◆ Input data ◆
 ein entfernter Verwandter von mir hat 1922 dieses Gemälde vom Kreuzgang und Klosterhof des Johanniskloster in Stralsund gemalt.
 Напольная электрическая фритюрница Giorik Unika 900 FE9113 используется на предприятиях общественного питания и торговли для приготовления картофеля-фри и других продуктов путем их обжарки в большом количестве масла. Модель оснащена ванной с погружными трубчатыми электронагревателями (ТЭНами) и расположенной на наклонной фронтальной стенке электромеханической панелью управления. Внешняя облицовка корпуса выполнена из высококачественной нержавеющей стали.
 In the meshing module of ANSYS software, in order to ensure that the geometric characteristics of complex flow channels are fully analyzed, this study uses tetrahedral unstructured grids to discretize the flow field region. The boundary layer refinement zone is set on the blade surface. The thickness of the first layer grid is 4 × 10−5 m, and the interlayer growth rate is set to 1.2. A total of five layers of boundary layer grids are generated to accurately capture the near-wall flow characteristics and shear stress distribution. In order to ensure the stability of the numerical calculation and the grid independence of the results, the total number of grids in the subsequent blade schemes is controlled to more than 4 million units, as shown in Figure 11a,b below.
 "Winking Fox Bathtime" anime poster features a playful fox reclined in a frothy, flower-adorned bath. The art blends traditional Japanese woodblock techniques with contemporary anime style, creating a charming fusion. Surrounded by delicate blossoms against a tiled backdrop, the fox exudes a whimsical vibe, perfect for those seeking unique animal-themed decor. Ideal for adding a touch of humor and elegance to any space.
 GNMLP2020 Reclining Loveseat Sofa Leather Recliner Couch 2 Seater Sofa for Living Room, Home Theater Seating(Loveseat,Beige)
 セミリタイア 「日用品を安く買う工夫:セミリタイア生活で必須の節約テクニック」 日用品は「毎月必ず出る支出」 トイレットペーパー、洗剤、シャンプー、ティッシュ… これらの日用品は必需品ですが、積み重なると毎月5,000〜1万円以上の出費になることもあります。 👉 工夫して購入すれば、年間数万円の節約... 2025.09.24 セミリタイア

◆ The task ◆
Everything before the line containing "GNMLP2020 Reclining Loveseat" stays out. Write out that line and the rest of the entries exactly.

◆ Result of the exercise ◆
 GNMLP2020 Reclining Loveseat Sofa Leather Recliner Couch 2 Seater Sofa for Living Room, Home Theater Seating(Loveseat,Beige)
 セミリタイア 「日用品を安く買う工夫:セミリタイア生活で必須の節約テクニック」 日用品は「毎月必ず出る支出」 トイレットペーパー、洗剤、シャンプー、ティッシュ… これらの日用品は必需品ですが、積み重なると毎月5,000〜1万円以上の出費になることもあります。 👉 工夫して購入すれば、年間数万円の節約... 2025.09.24 セミリタイア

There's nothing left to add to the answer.